* _Task brief_
Every line in the records below that holds the word "ยนซาน" is to be copied.

* _Data to process_
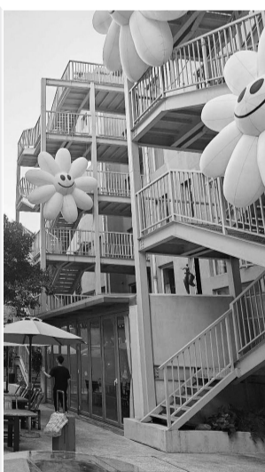
利济巷“小而美”的特色商业街区

夫子庙再现拉链式人墙,红山森林动物园购票及预约已达上限,中山陵音乐台的鸽子都没地方落脚了……国庆假期,南京的旅游热度一路高涨,有不少网友在线请教“在南京游玩怎么避开人流”。那么,不妨复制这条 Citywalk 路线,打卡利济巷一科巷一西白菜园历史风貌区。
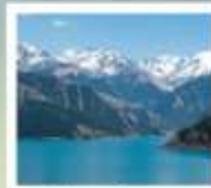
เขียวเซาเทียนซาน

ห้องเรือร้อนเจ็ดเศียร / 5ดั่งหงษ์เรือ / ป่าหินแม่น้ำหวงเหอ / กามยนต์ 3 มิติ ระบบคอมพิวเตอร์คู่หูฟาน / กำแพงมอเก / อุทยานจางเย่ต้นเคียวดีใจกวงหยวน กำแพงเมืองด่านเจ็ดคิ้ว / เข็มทรายหงษ์สาม / สระน้ำวงพระจันทร์ / กำแพงมอเก หมู่บ้านอุหลู่ / เมืองโบราณเทาทง / เขียวเซาเทียนซาน / ส่องเรือทะเลสาบเทียนฉือ
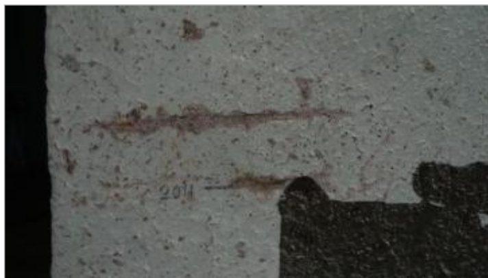
Trait au crayon et gravure grossière reportant la PHE de la crue du 07 novembre 2011.
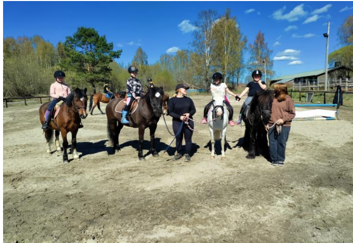
Vilhuan heppakerho kevät 2023
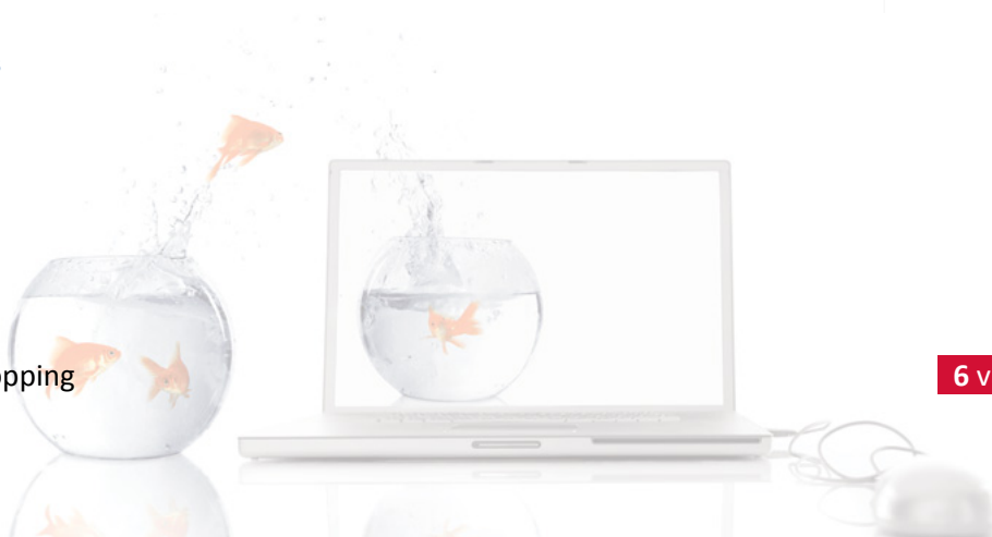
Figuur 8, Afleveradres

* _Task response_
เขียวเซาเทียนซาน
ห้องเรือร้อนเจ็ดเศียร / 5ดั่งหงษ์เรือ / ป่าหินแม่น้ำหวงเหอ / กามยนต์ 3 มิติ ระบบคอมพิวเตอร์คู่หูฟาน / กำแพงมอเก / อุทยานจางเย่ต้นเคียวดีใจกวงหยวน กำแพงเมืองด่านเจ็ดคิ้ว / เข็มทรายหงษ์สาม / สระน้ำวงพระจันทร์ / กำแพงมอเก หมู่บ้านอุหลู่ / เมืองโบราณเทาทง / เขียวเซาเทียนซาน / ส่องเรือทะเลสาบเทียนฉือ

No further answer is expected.